* **Provided records**
BEGIN

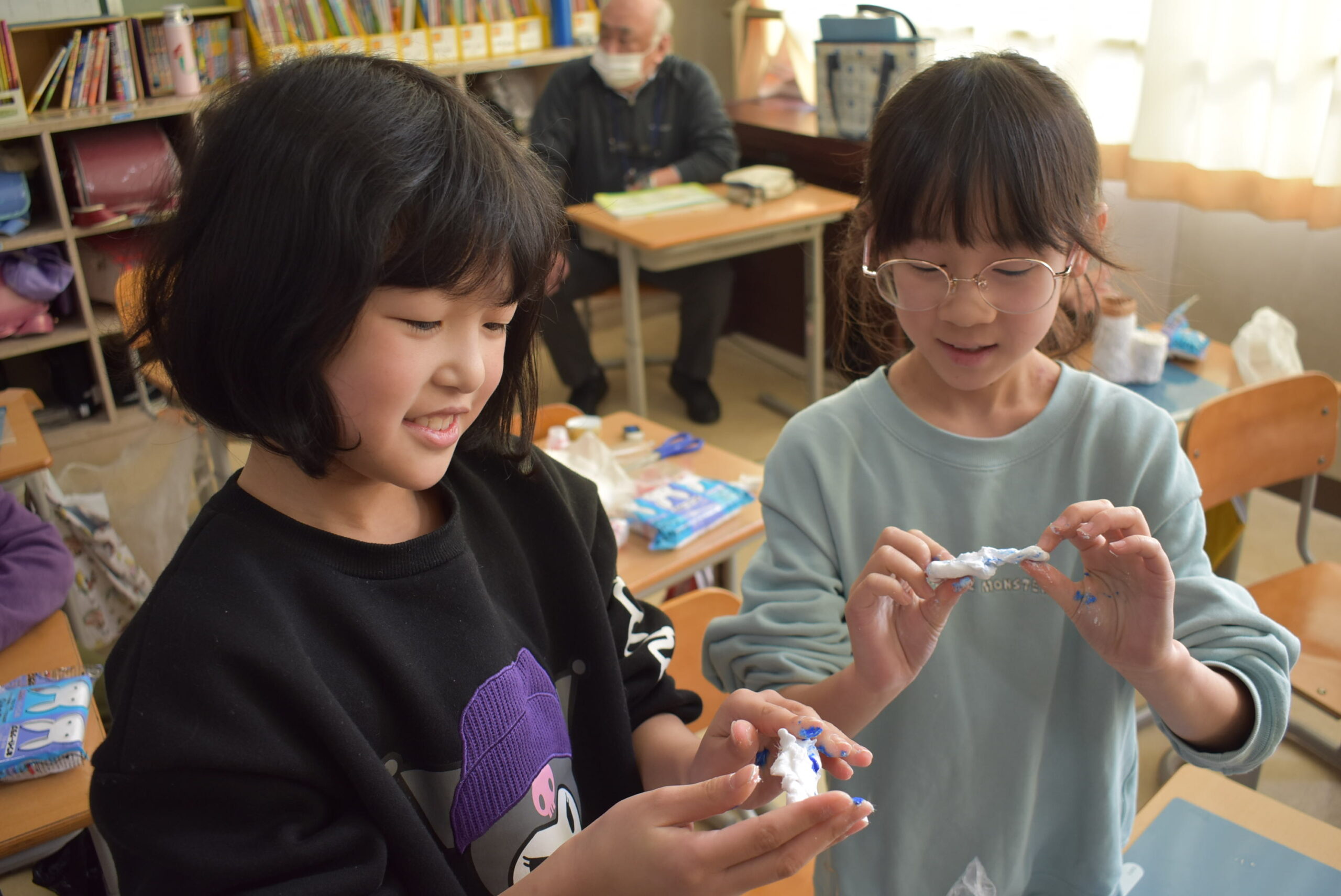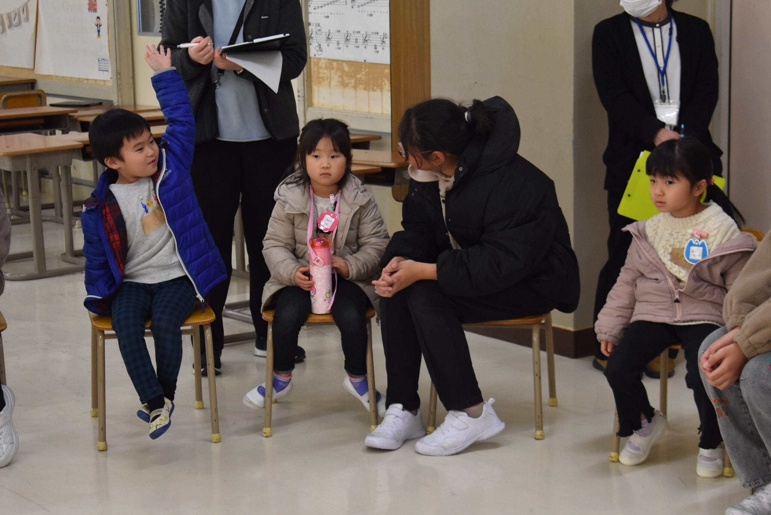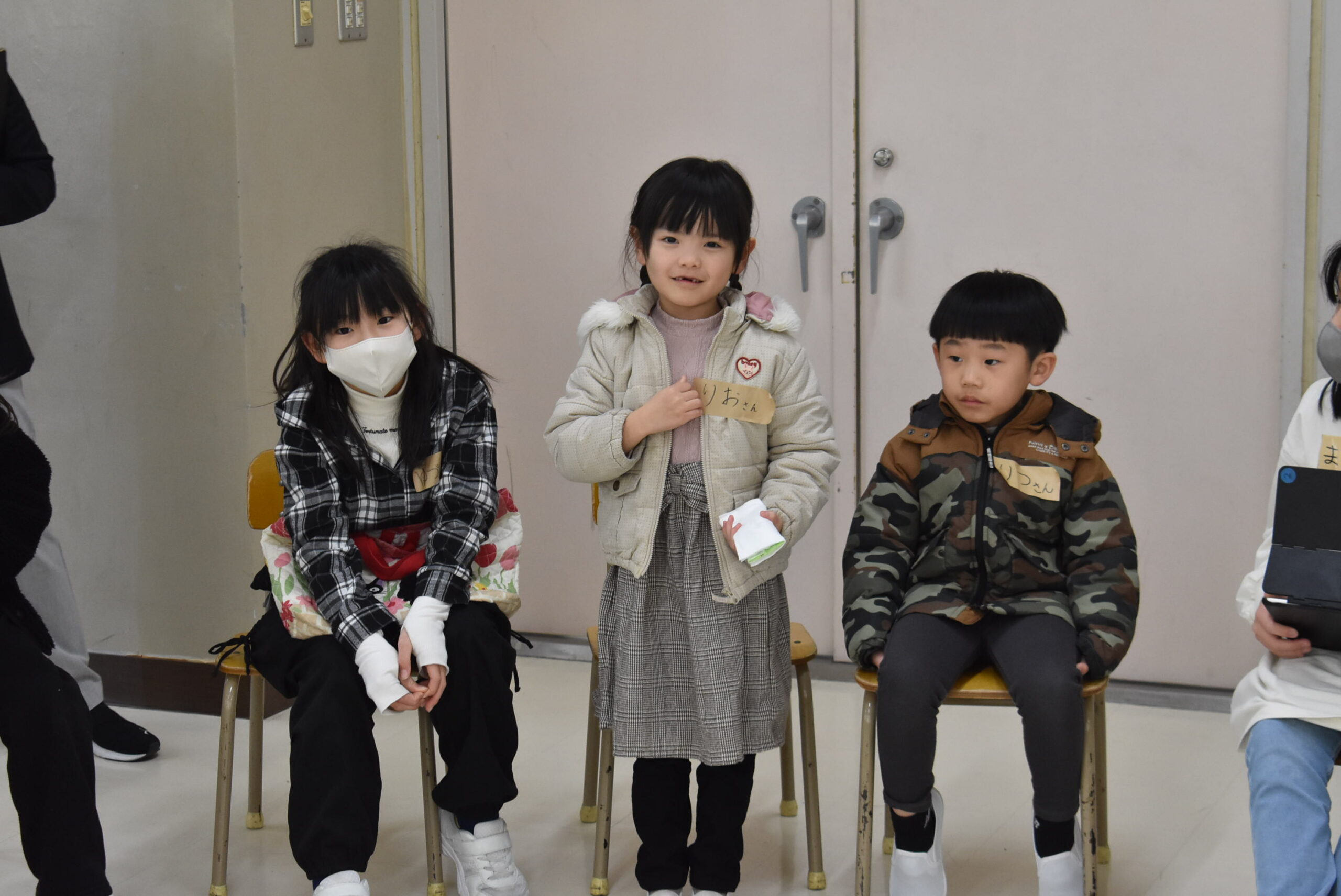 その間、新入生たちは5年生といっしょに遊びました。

END
BEGIN

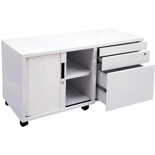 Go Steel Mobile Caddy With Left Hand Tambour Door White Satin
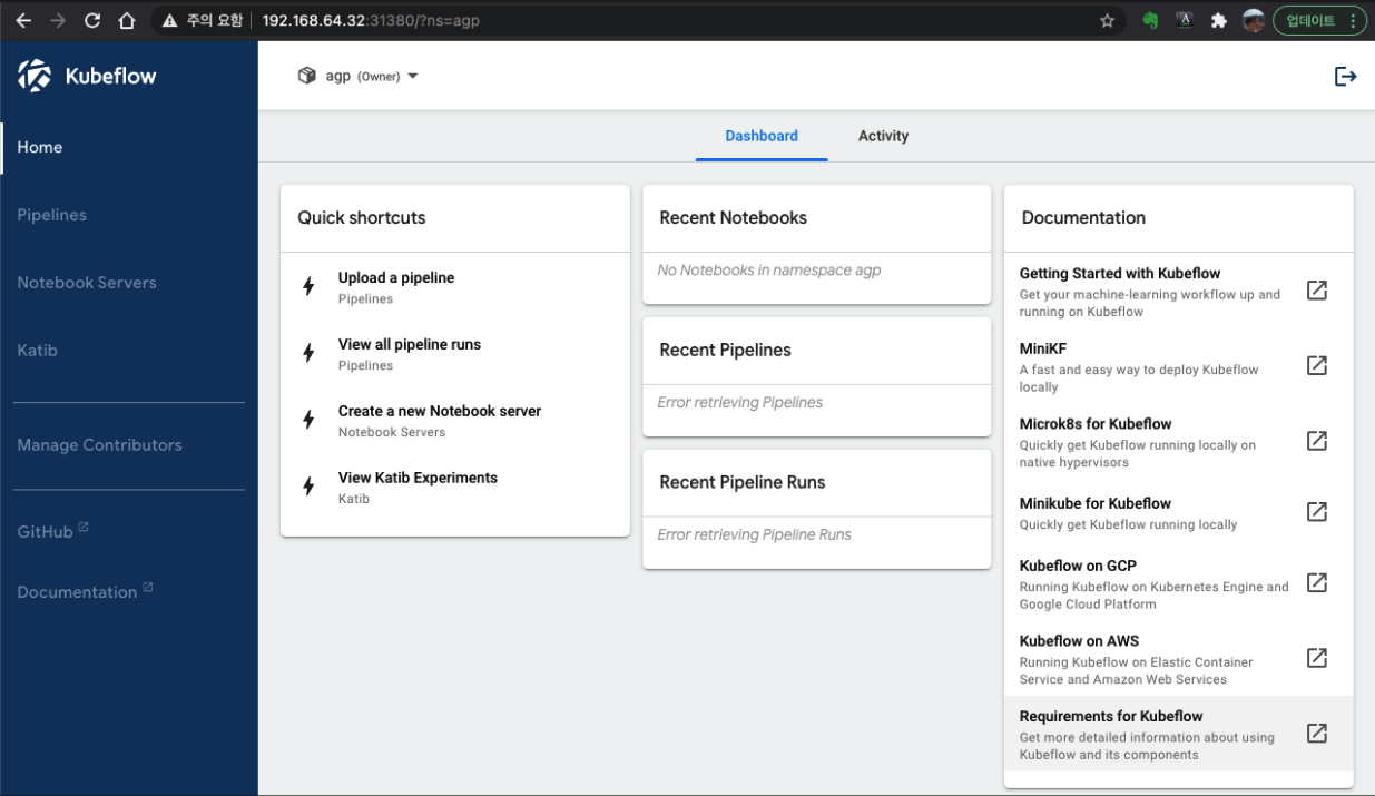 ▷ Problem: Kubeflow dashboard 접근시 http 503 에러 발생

END
BEGIN

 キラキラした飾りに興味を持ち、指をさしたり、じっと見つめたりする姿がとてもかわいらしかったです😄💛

END

* **Assigned task**
Starting at the line above that has "Go Steel Mobile" and ending at the line that has "http 503 에러 발생", copy each line exactly, leaving the pictures out and adding nothing.

* **Final answer**
 Go Steel Mobile Caddy With Left Hand Tambour Door White Satin
 ▷ Problem: Kubeflow dashboard 접근시 http 503 에러 발생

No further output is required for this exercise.